WHAT IS EXPECTED
Repeat exactly the lines of the material below that run from the "Embroidered Plaid Round" line to the "USB разветвитель на" line, including both, and do not carry over any pictures.

GIVEN INFORMATION
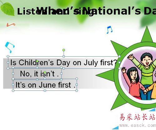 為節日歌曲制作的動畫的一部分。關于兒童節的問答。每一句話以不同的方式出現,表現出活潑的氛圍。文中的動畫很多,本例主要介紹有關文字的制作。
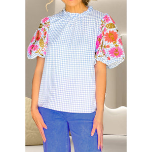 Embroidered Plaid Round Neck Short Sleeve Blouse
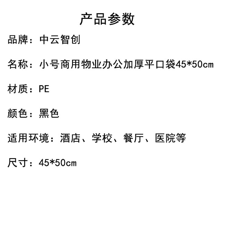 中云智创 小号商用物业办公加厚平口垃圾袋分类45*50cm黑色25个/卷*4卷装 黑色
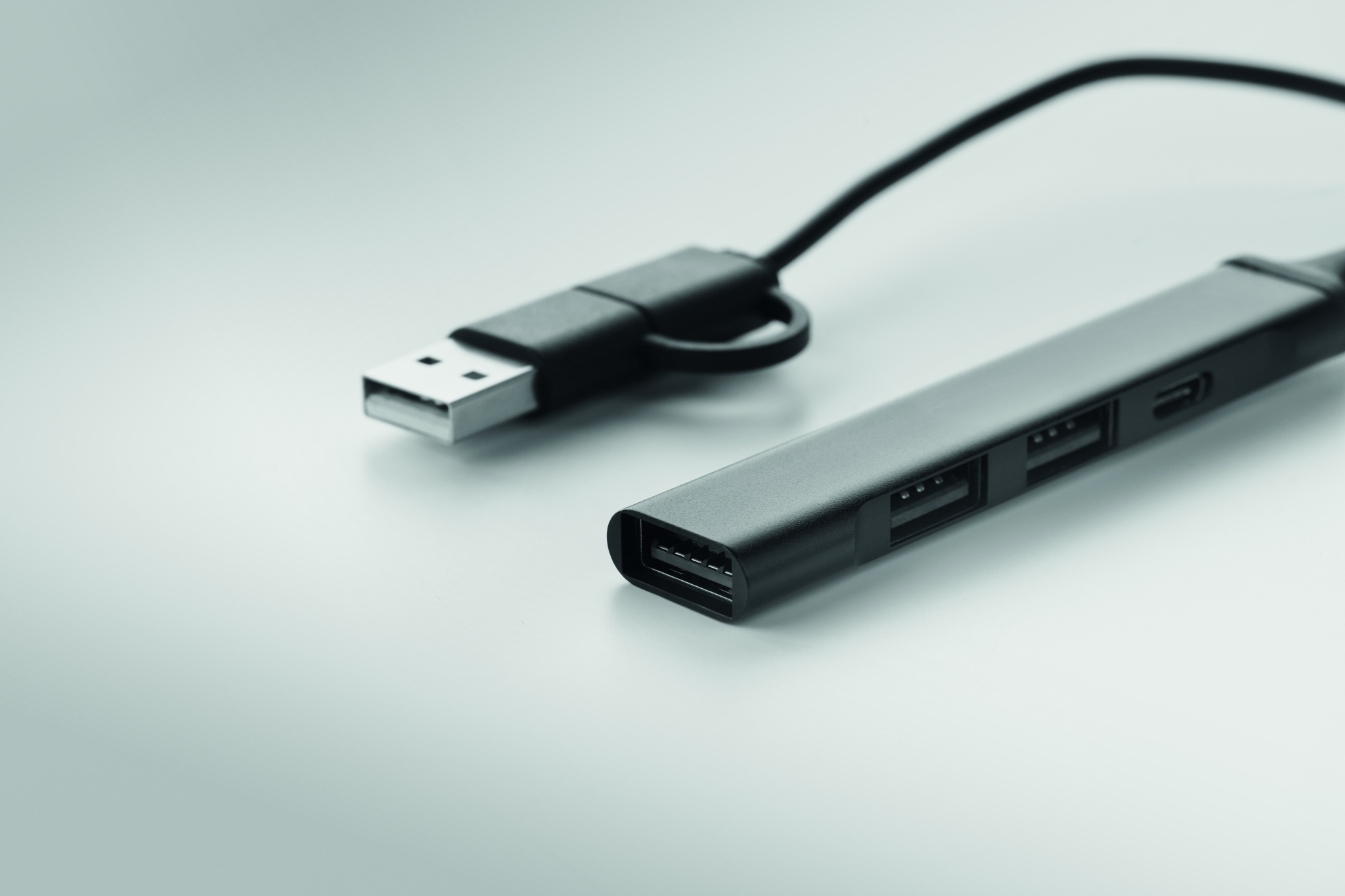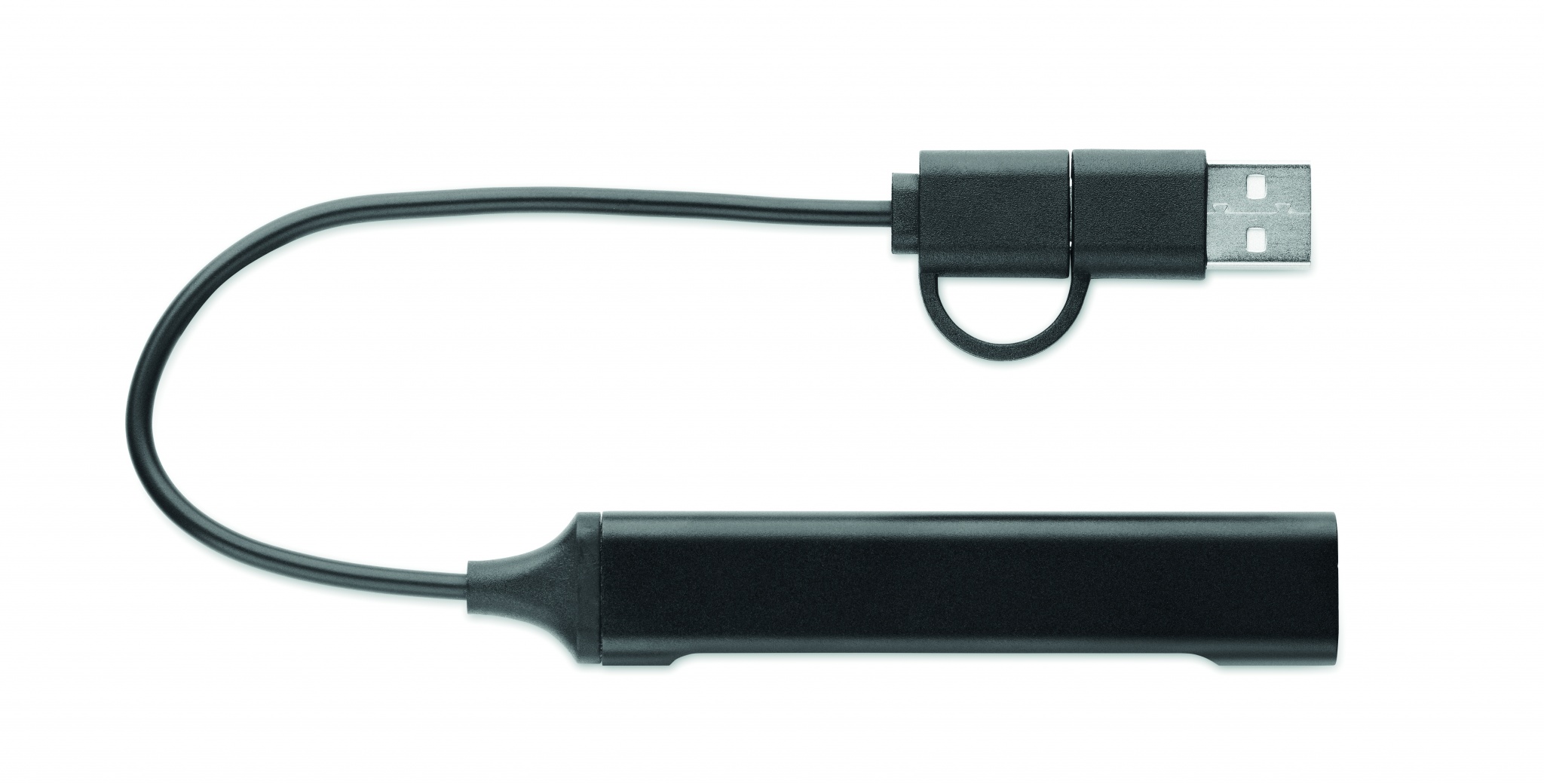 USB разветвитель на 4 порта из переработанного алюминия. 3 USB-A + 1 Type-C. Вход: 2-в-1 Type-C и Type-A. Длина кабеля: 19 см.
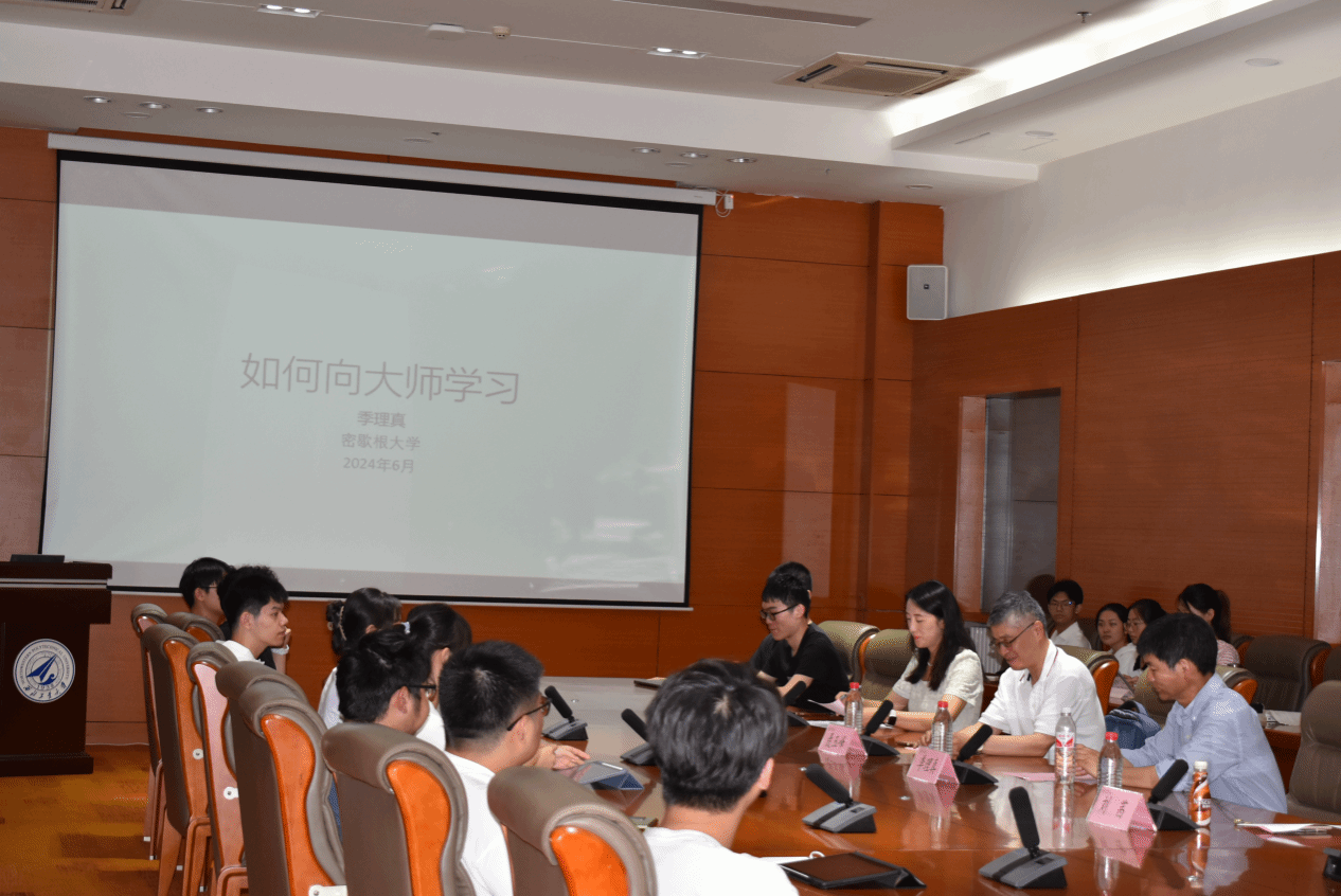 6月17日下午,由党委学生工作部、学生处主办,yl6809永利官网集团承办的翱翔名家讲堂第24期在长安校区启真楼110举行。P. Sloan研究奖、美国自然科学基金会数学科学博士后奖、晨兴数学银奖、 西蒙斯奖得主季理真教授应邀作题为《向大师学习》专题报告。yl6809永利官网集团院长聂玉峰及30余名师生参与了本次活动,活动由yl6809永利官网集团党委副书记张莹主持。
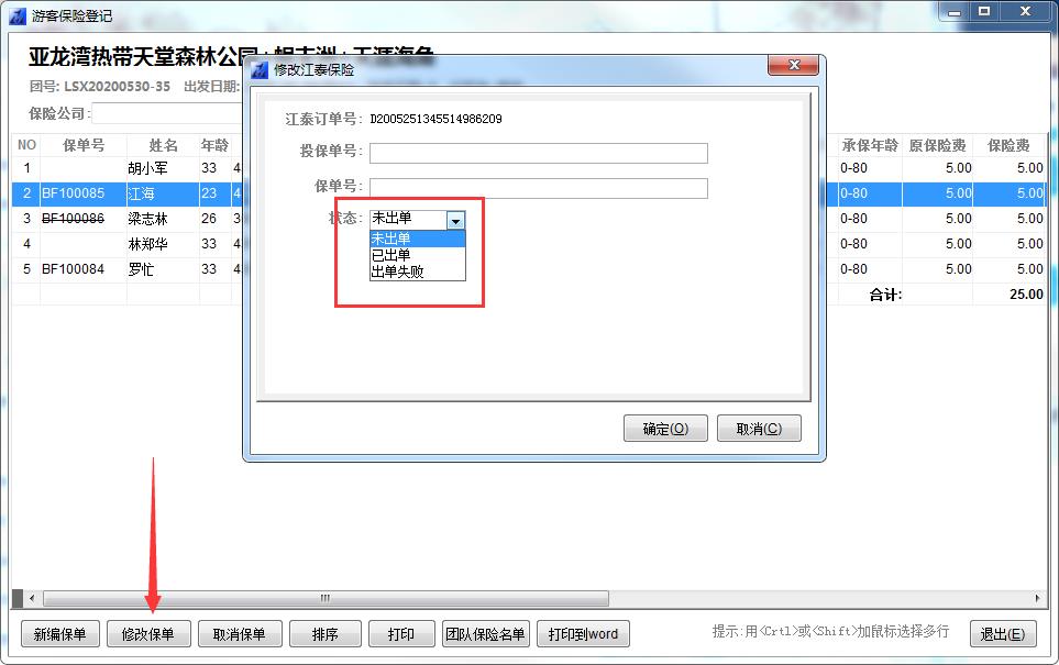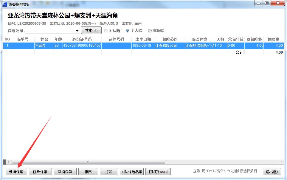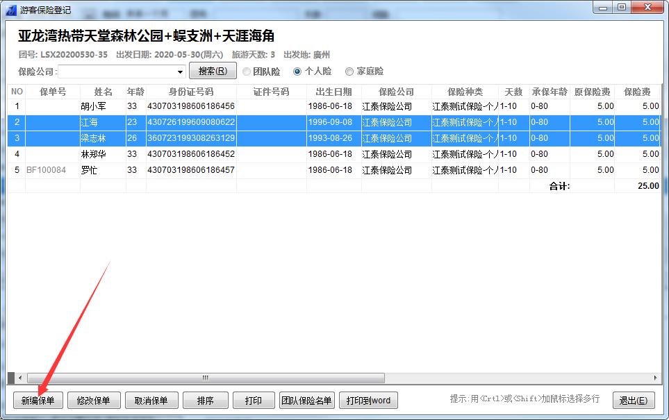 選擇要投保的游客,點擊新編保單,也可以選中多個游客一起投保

EXERCISE SOLUTION
 Embroidered Plaid Round Neck Short Sleeve Blouse
 中云智创 小号商用物业办公加厚平口垃圾袋分类45*50cm黑色25个/卷*4卷装 黑色
 USB разветвитель на 4 порта из переработанного алюминия. 3 USB-A + 1 Type-C. Вход: 2-в-1 Type-C и Type-A. Длина кабеля: 19 см.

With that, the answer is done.